■ WHAT YOU NEED TO DO
Go through the records below from the first line and print each one exactly, stopping after the line that contains "The grand entryway". Do not print pictures or anything past that line.

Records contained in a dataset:
------------

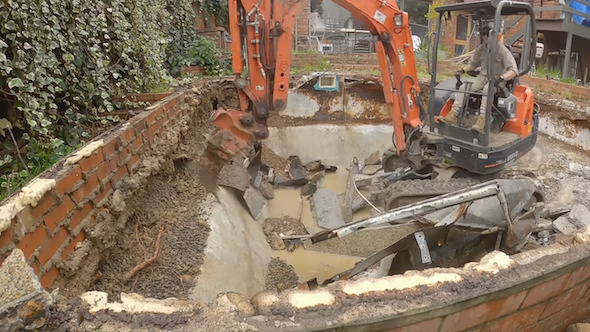 一通りの作業を終えたら、次は重機を使った作業。先端にコンクリートを砕く装備をつけたユンボで、少しずつプールを形作っているコンクリートを砕いて、ショベルでかき出す作業を繰り替えていきます。
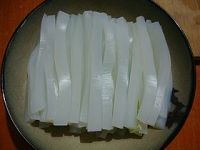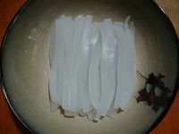 15.黄瓜洗净切成和豌豆粉等量的长度;
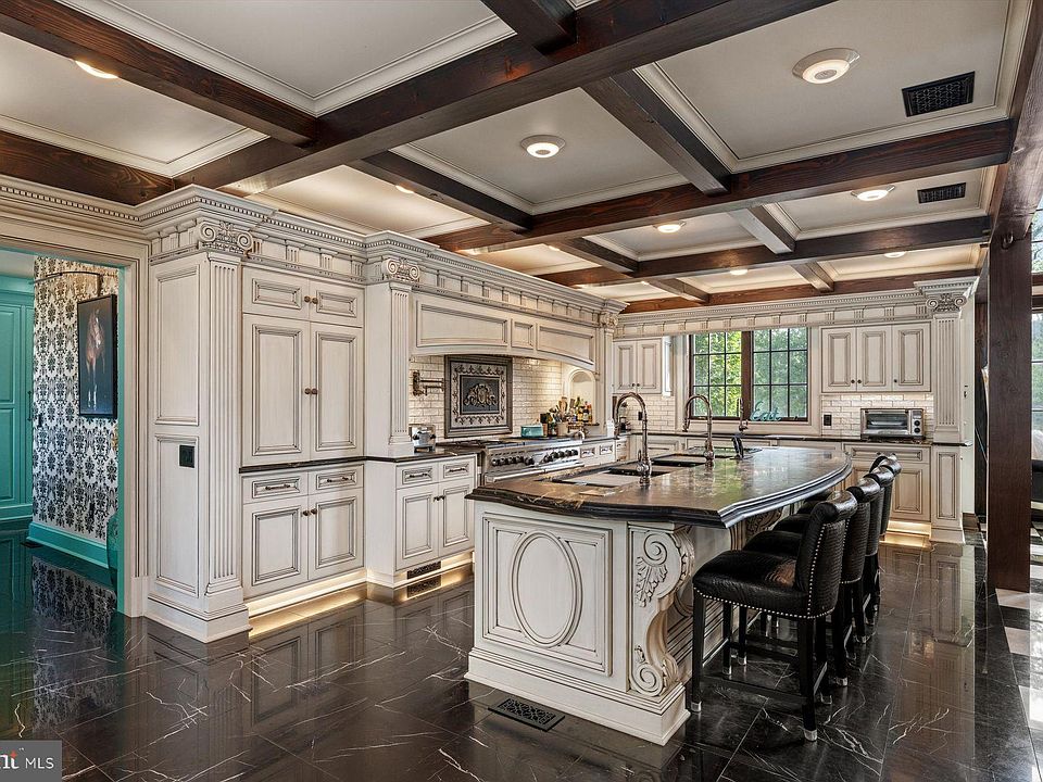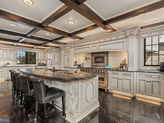 The grand entryway opens into a spectacular great room where natural light floods through expansive windows, highlighting Italian marble floors, soaring cathedral ceilings, and exposed beams that echo the rustic charm of a European mountain lodge. A magnificent woodburning fireplace anchors the room, creating a warm and welcoming space ideal for both intimate evenings and grand entertaining. The open floor plan allows the great room to flow effortlessly into the state-of-the-art kitchen—a chef’s dream outfitted with Wolf appliances, granite countertops, custom cabinetry, and an impressive 12-foot island that doubles as a social centerpiece.
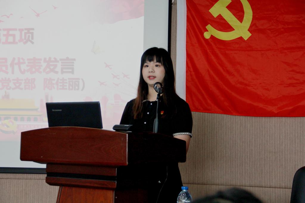 学院优秀共产党员代表陈佳丽同志刚转正半年,在入党的培养发展过程中,深刻体会共产党人的职责和使命,坚持服务学校、学院和身边群众,积极活跃在疫情防控、志愿服务、兼职辅导员岗位中,做出了许多的贡献。陈佳丽发言道:在过去的工作中,只是做了自己应该做的,尽了自己作为一名中国共产党党员应尽的义务,组织上给了如此大的荣誉,深感责任重大。在今后的学习工作中,一定珍惜荣誉,再接再厉,让胸前的党徽,在平凡的岗位上发光。
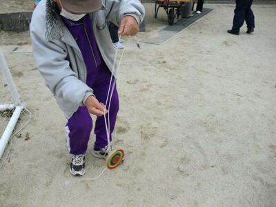 昔遊び 竹馬やこま回し 老人会の方々が教えてくださいました。
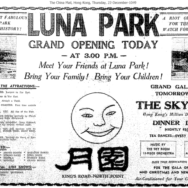 When the Lee Gardens opened in Causeway Bay in 1929, Luna Park got out of fashion and the park was rented to a film company as a movie set. After the war, the whole site was turned into a residential estate. The only thing that remains now are the names: Ming Yuen West Street and Ming Yuen Mansion.
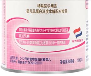 GB 25596—2010《特殊医学用途婴儿配方食品通则》2中定义:特殊医学用途配方食品是指针对患有特殊紊乱、疾病或医疗状况等特殊医学状况婴儿的营养需求而设计制成的粉状或液态配方食品。在医生或临床营养师的指导下,单独食用或与其他食物配合食用时,特殊医学用途婴儿配方食品能量和营养成分能够满足0-6月龄特殊医学状况婴儿的生长发育需求。家长们在挑选牛奶蛋白过敏宝宝的治疗配方时要看清瓶身上的“特殊医学用途婴儿配方食品”字样,并认准注册号。像下图所示,真正的特医奶粉罐子上都会标注以上信息,家长们要擦亮眼睛,选择真正的特医奶粉!
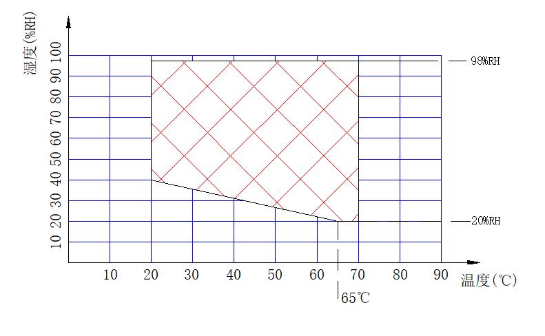 20%RH~98%RH(參照下圖所示溫濕度可控制范圍,無有源 濕、熱負載)
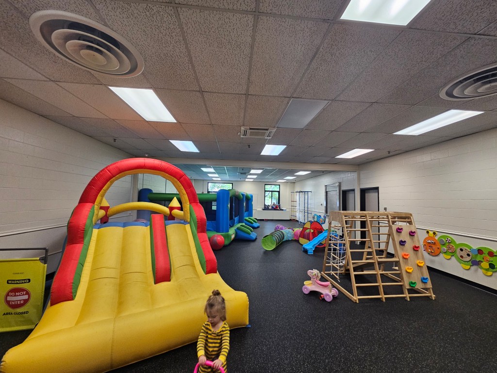 This is a place to kill time but don’t expect too much unless your kids is an avid jumper and reallllly reallllly loves bounce houses. I’m sure if you wanted to research open swim times and other activities that WCC does you could plan to go to the Tree House around that and it’d be much more worth it. But if you’re just looking to meet up with some other moms for an hour or so while your littles crawl around or jump to touch the ceiling this place will satisfy you and more importantly your kids. I think ages 2-6 are best for this place but if you have baby siblings there are safe spots and areas to let them explore, if you aren’t comfortable with them inside the bounce houses.
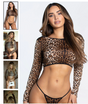 Go wild for style in this gorgeous microfiber crop top set featuring a long sleeved leopard top with solid cups, a high round neckline, a cage style back band with lace detailing, and a matching g-string panty.
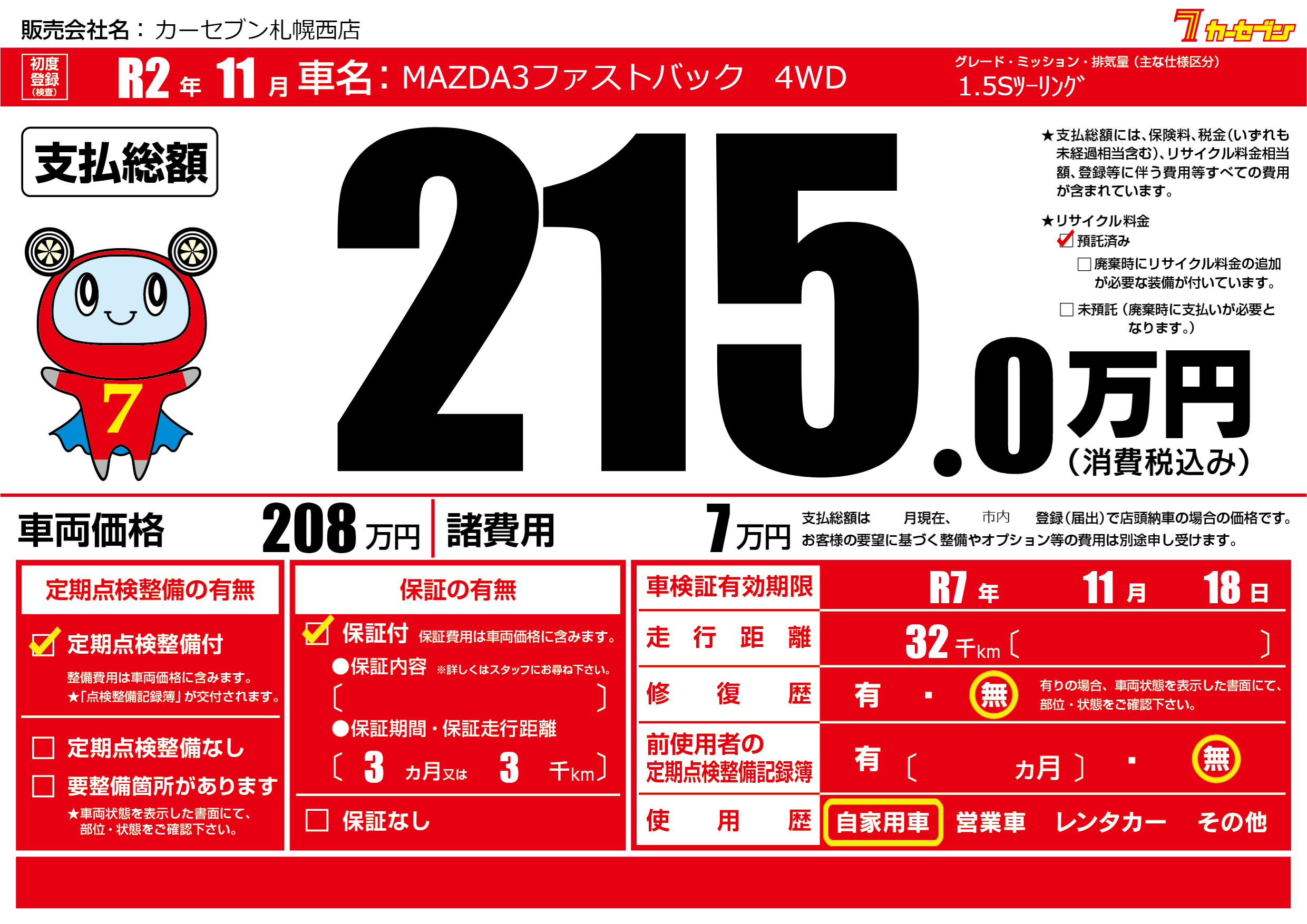 なし | 車検制限 | R7年11月18月 |
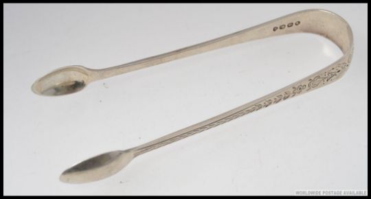 A pair of silver hallmarked sugar tongs with a Birmingham assay mark dated to 1845, 31.5g
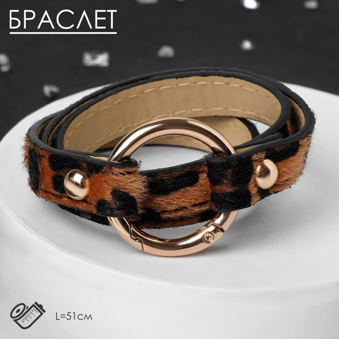 Браслет кожа «Сафари» леопард, цвет чёрно-коричневый, 51 см
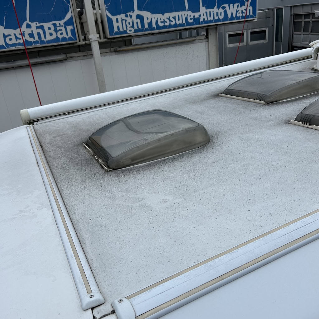 Erstes Ziel ist eine Waschanlage in Schweinfurt, die wir vom letzten Jahr kennen. Dort gibt es nämlich ein Podest, was man leider nur selten antrifft.  So kann man auch das Dach gut reinigen.
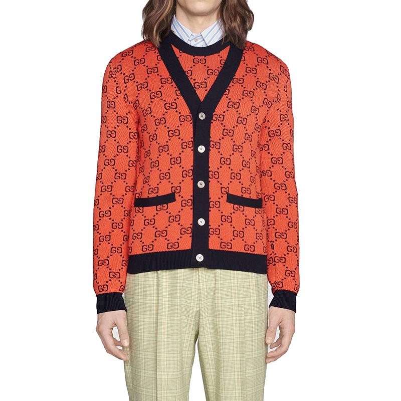 【包稅】GUCCI/古馳2021年新款男士橙色羊毛開衫661156XKBXI7548
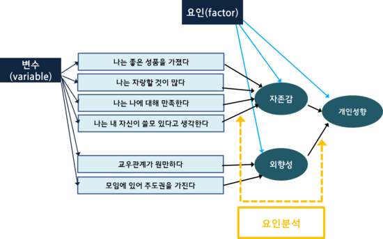 주성분은 데이터의 선형 결합으로 정의되며, 특정 변수 간의 관계나 잠재 요인을 직접적으로 해석하지는 않는다. 즉, 데이터의 구조를 간결하게 표현하는 데 초점을 맞춘다는 것이다.
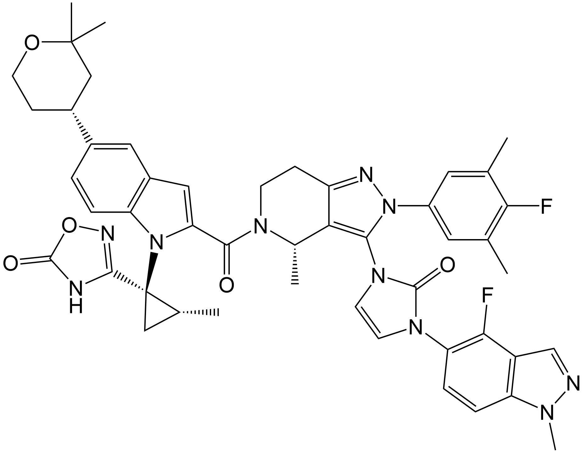 Synonyms: 3-((1R,2R)-1-(5-((R)-2,2-dimethyltetrahydro-2H-pyran-4-yl)-2-((S)-3-(3-(4-fluoro-1-methyl-1H-indazol-5-yl)-2-oxo-2,3-dihydro-1H-imidazol-1-yl)-2-(4-fluoro-3,5-dimethylphenyl)-4-methyl-4,5,6,7-tetrahydro-2H-pyrazolo[4,3-c]pyridine-5-carbonyl)-1H-indol-1-yl)-2-methylcyclopropyl)-1,2,4-oxadiazol-5(4H)-one

------------

■ ANSWER TO THIS EXERCISE
 一通りの作業を終えたら、次は重機を使った作業。先端にコンクリートを砕く装備をつけたユンボで、少しずつプールを形作っているコンクリートを砕いて、ショベルでかき出す作業を繰り替えていきます。
 15.黄瓜洗净切成和豌豆粉等量的长度;
 The grand entryway opens into a spectacular great room where natural light floods through expansive windows, highlighting Italian marble floors, soaring cathedral ceilings, and exposed beams that echo the rustic charm of a European mountain lodge. A magnificent woodburning fireplace anchors the room, creating a warm and welcoming space ideal for both intimate evenings and grand entertaining. The open floor plan allows the great room to flow effortlessly into the state-of-the-art kitchen—a chef’s dream outfitted with Wolf appliances, granite countertops, custom cabinetry, and an impressive 12-foot island that doubles as a social centerpiece.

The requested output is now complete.